== ABOUT THIS TASK ==
Would you copy exactly the lines in the data below from the one that has "We ate a hot" through the one that has "Ljusa grenar löper", dropping any pictures?

== Items from a data source ==
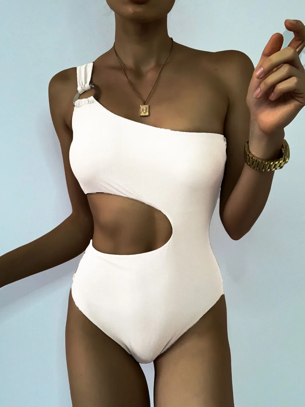 Цельный купальник INGAGA на одно плечо, женский купальник 2022, одн...
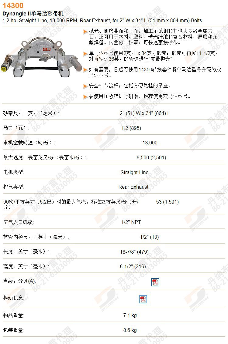 原装 美国丹纳布雷Dynabrade 14300气动砂带机 打磨家具瓷砖
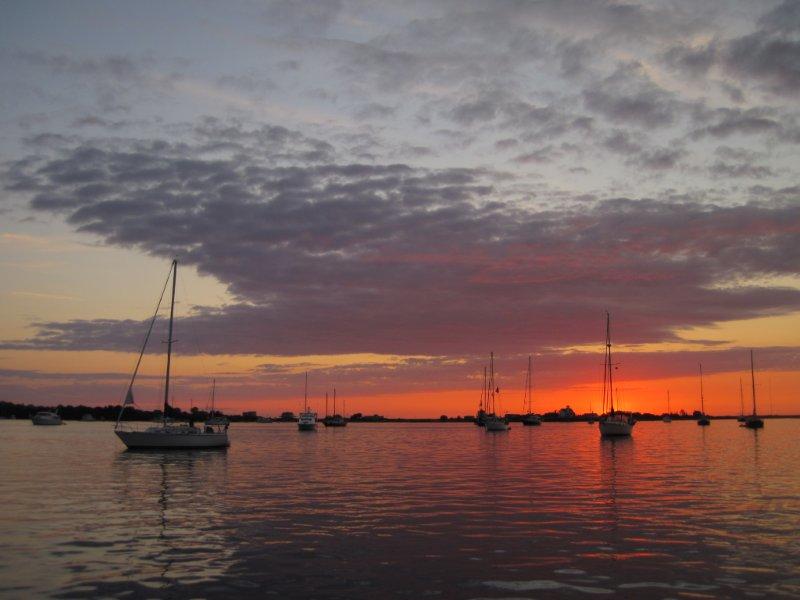 We ate a hot lunch of chicken gumbo (gumbo in August? Yeah it’s colder here,) then we took naps before our friends Jay and Tanya arrived on S/V Minx. Minx anchored next to us and we had dinner aboard JV while we were treated to a beautiful sunset as the rain cleared out. Sunday morning while aboard Minx eating blueberry pancakes, we heard a small boat running around the harbor shouting/singing “An-di-a-mo! Andiamo!” The boat is run by Aldo’s bakery and has been delivering fresh baked goods to the boaters for 43 years. His selection of danishes, Portuguese sweet bread, hot sandwiches, coffee, and assorted pastries were mouthwatering. Tanya selected a few items and we watched afterwards as he pulled up to almost every other boat in our area.
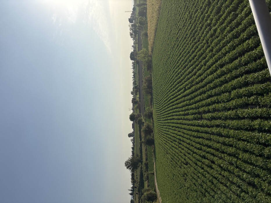 A vast field dominates the right side, showcasing rows of green crops stretching towards the horizon. To the left, a clear sky fills a significant portion of the image, transitioning to a lighter hue near the horizon. A narrow strip of land with trees and some vegetation runs between the field and the sky. The crops are arranged in neat lines.
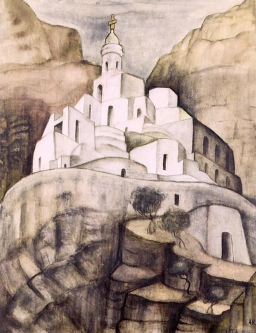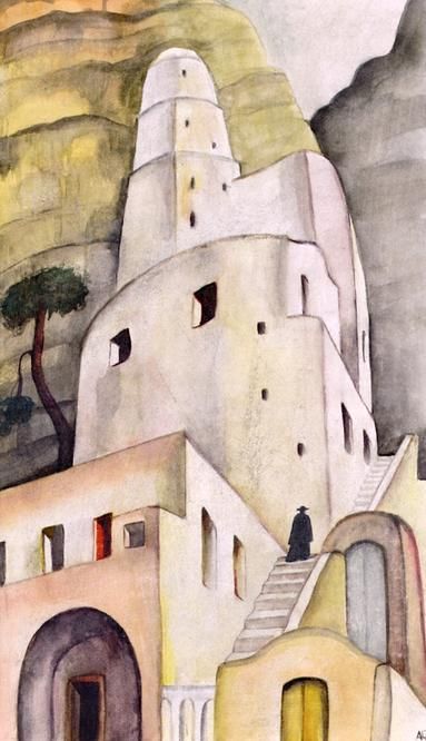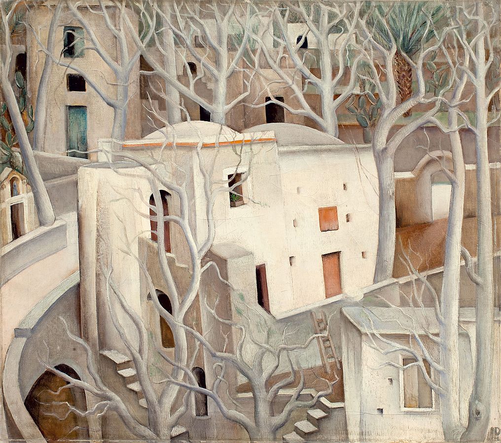Ljusa grenar löper genom bilden, byggnader i kubiska former visar spår av människlig närvaro, men det finns ingen levande varelse i scenen! Trappor leder ingenstans, arkitektoniska strukturer är knappast begripliga som bostäder. Det är en gåtfull tavla. Började hon kanske känna sig isolerad?
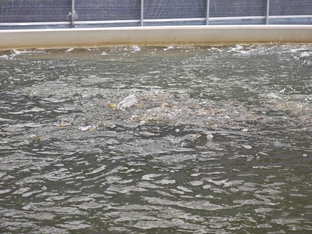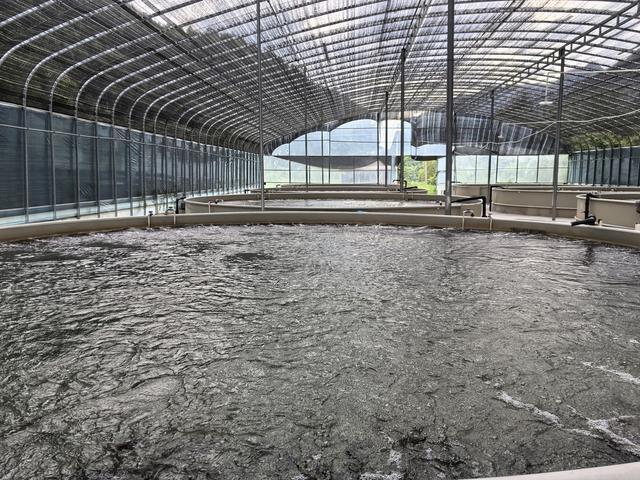 眼前的高密度养鱼基地,占地1亩,有两排共8口鱼池,每口直径8米、高2米,容量100立方米。鱼池内,底部环壁安装的增氧管,不停地吐着手指大小的氧气泡。

== EXERCISE RESULT ==
 We ate a hot lunch of chicken gumbo (gumbo in August? Yeah it’s colder here,) then we took naps before our friends Jay and Tanya arrived on S/V Minx. Minx anchored next to us and we had dinner aboard JV while we were treated to a beautiful sunset as the rain cleared out. Sunday morning while aboard Minx eating blueberry pancakes, we heard a small boat running around the harbor shouting/singing “An-di-a-mo! Andiamo!” The boat is run by Aldo’s bakery and has been delivering fresh baked goods to the boaters for 43 years. His selection of danishes, Portuguese sweet bread, hot sandwiches, coffee, and assorted pastries were mouthwatering. Tanya selected a few items and we watched afterwards as he pulled up to almost every other boat in our area.
 A vast field dominates the right side, showcasing rows of green crops stretching towards the horizon. To the left, a clear sky fills a significant portion of the image, transitioning to a lighter hue near the horizon. A narrow strip of land with trees and some vegetation runs between the field and the sky. The crops are arranged in neat lines.
Ljusa grenar löper genom bilden, byggnader i kubiska former visar spår av människlig närvaro, men det finns ingen levande varelse i scenen! Trappor leder ingenstans, arkitektoniska strukturer är knappast begripliga som bostäder. Det är en gåtfull tavla. Började hon kanske känna sig isolerad?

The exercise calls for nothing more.